Thompson starts with the uncontested fact that campus shootings are often over before law enforcement can respond. At Virginia Tech, Cho barricaded the classroom building and shot himself in the head as police broke through. At Northern Illinois, Kazmierczak killed five students in less than two minutes; he committed suicide before police arrived.
But what if someone else in those classrooms -- a student, a teacher -- had been carrying a gun? Isn’t it at least possible some lives could have been saved? Isn’t it worth giving our children that chance?
“Otherwise, it’s ‘Welcome to your killing spree,’ ” Thompson says. “Because there’s nothing to stop these shooters.”
He argues too that allowing guns on campus could deter future shootings.
That perspective has caught on widely since the carnage at Virginia Tech. Most states long ago declared schools gun-free zones; only Utah allows concealed weapons at all public colleges.
Today, at least 14 states are considering allowing guns on campus -- among them Arizona, Michigan, Ohio and Tennessee.
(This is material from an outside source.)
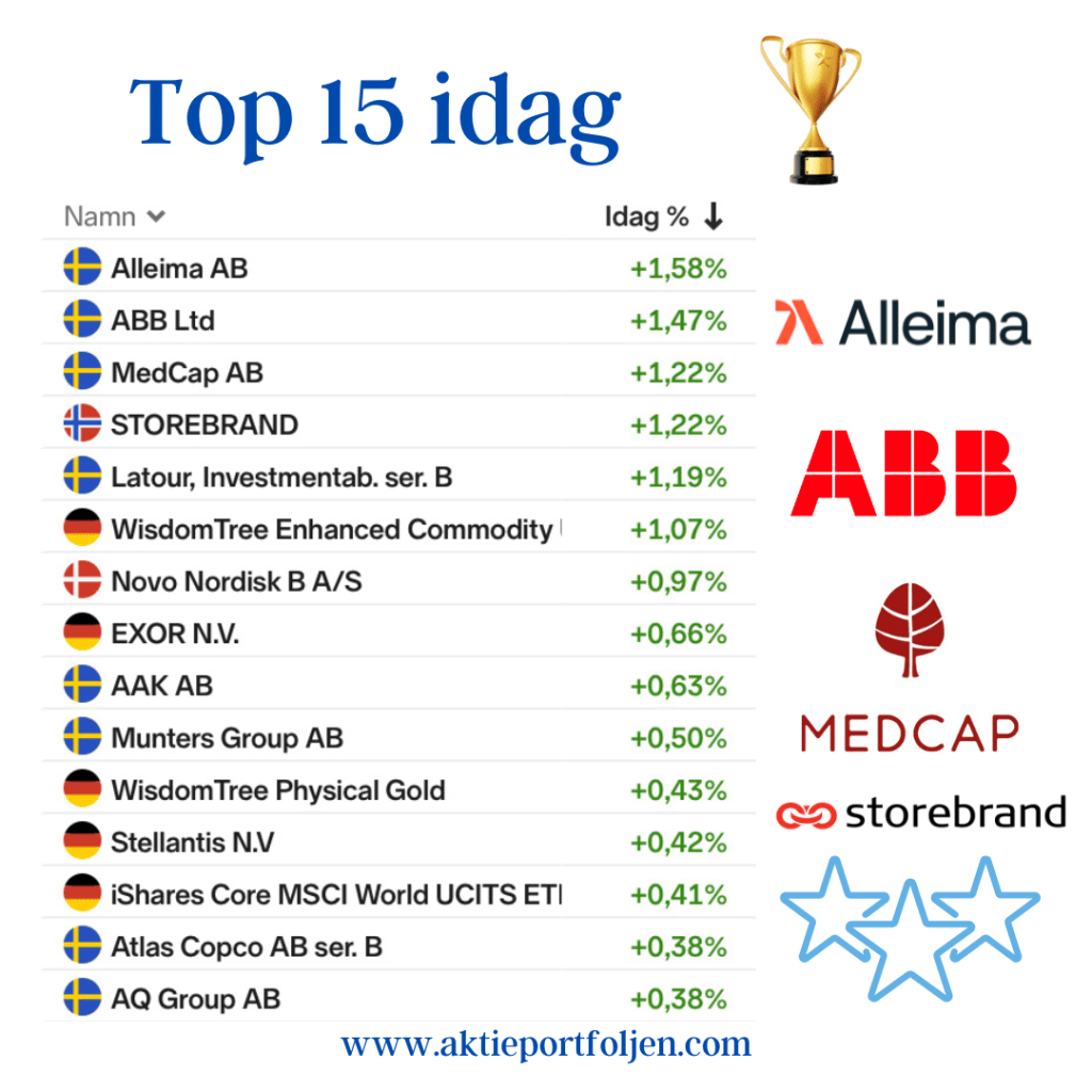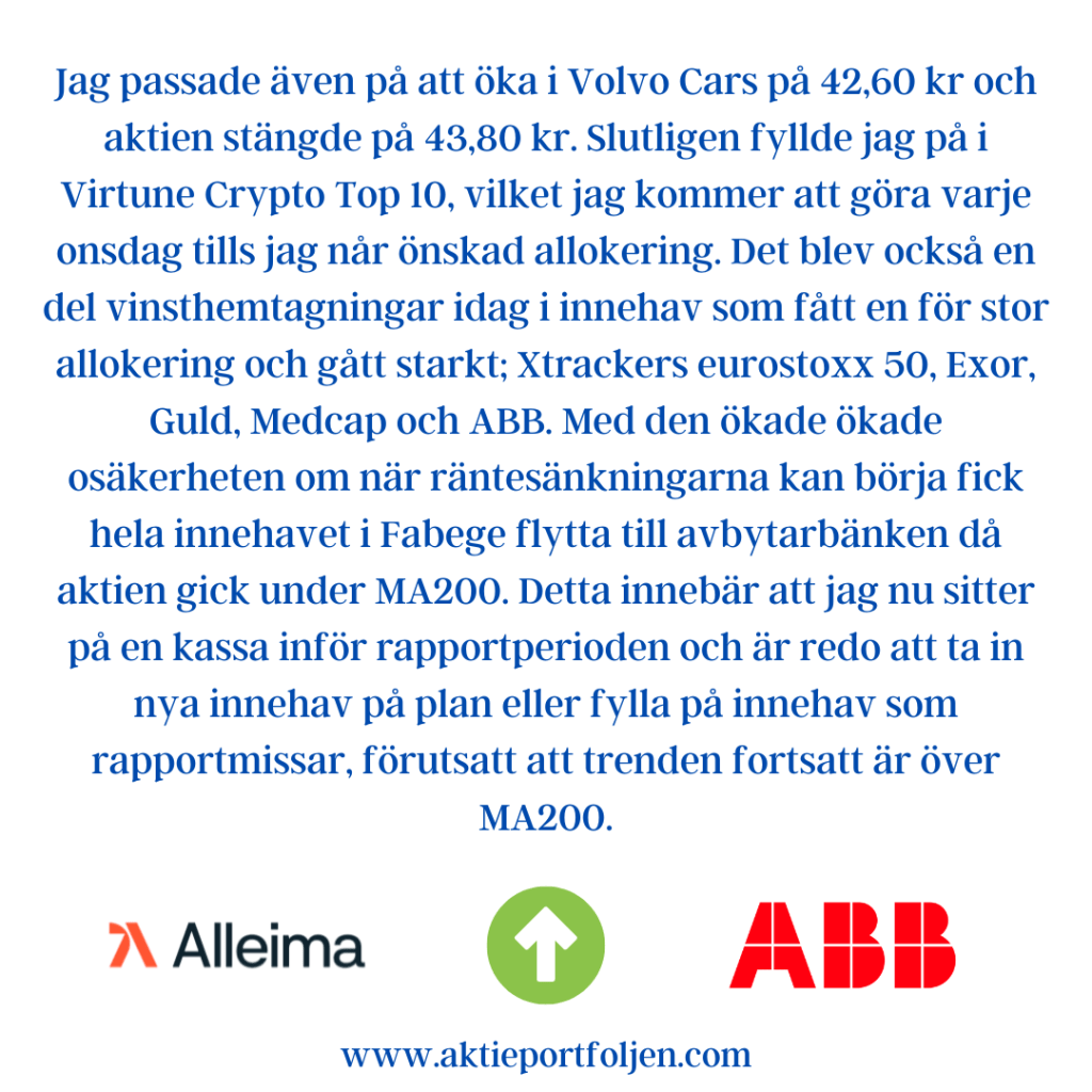 Jag passade även på att öka i Volvo Cars på 42,60 kr och aktien stängde på 43,80 kr. Slutligen fyllde jag på i Virtune Crypto Top 10, vilket jag kommer att göra varje onsdag tills jag når önskad allokering. Det blev också en del vinsthemtagningar idag i innehav som fått en för stor allokering och gått starkt; Xtrackers eurostoxx 50, Exor, Guld, Medcap och ABB. Med den ökade ökade osäkerheten om när räntesänkningarna kan börja fick hela innehavet i Fabege flytta till avbytarbänken då aktien gick under MA200. Detta innebär att jag nu sitter på en kassa inför rapportperioden och är redo att ta in nya innehav på plan eller fylla på innehav som rapportmissar, förutsatt att trenden fortsatt är över MA200.

A national advocacy group, Students for Concealed Carry on Campus, has signed up 7,000 members in two weeks, bringing its roster to 19,000.
The trend alarms gun control activists.
Even trained police officers hit their target only 20% of the time, says Paul Helmke, president of the Brady Campaign to Prevent Gun Violence. So how could a student, caught up in a terrifying attack, be expected to shoot straight?
“If a bad guy comes in, everyone always wishes there were the John Wayne hero in the classroom to respond,” he says. “But that’s really hard to pull off.”
There have been few weapons offenses at colleges in Utah. But Helmke worries about all that could go wrong: guns stolen from backpacks, passed around at parties, pulled out when a romance sours.
He also asks whether we can trust states to make sure that permit-holders are skilled shooters with solid safety training. In Florida, a Sun-Sentinel investigation found that more than 1,400 felons, including killers and child molesters, had been granted concealed-carry permits.
“The bottom-line problem is: We make it too easy in this country for dangerous people to buy guns,” Helmke says.
Thompson dismisses that argument as willful blindness.
The bad guys will always have guns, he says. It’s time to make sure the good guys have them too -- and have them handy, even in algebra.
“No one wants to admit we have a problem. It’s like how you don’t want to see the starving kids in Ethiopia,” he says. “But we know it’s going to happen again. It’s time to hit it head on.”
He mentions the shooting last year at a Colorado Springs, Colo., mega-church. A troubled young man with a heavy-duty arsenal killed two girls in the parking lot. As he tried to storm the church, a member of the congregation who had volunteered for security duty pulled out a pistol and shot him. The man then killed himself.
Thompson loves that story. The next time he’s in the news, he hopes the headline will read: Internet gun dealer linked to pistol that stopped mass killer in his tracks.
Classic rock plays softly in Thompson’s call center as Alex Wallin sells guns.
He chats with a customer about night sights. He tells another caller the going price for an AK-47 assault rifle: $479.53. On another call, he gets into a long discussion about the merits of the latest model Glock. “It’s a short frame,” Wallin explains. “It’ll fit in your hand a little better.”
His tone is light and friendly. But when he takes a break, Wallin admits the school shootings have rattled him.
These days, when he takes an order, he listens hard.
“Sometimes you get calls that make you get kind of leery,” he says. “You feel like, ‘I don’t know if they should have a gun or not.’ ” Wallin says that he’s canceled a few transactions because of this unease -- the customer doesn’t speak English, or something else doesn’t seem right.
Thompson cuts him off with a rebuke. “We don’t screen customers,” he says.
The screen over Wallin’s desk lights up again. Three more calls have just come in. He sits back down, briskly picks up the phone.
“This is Alex,” he says. “How can I help you?”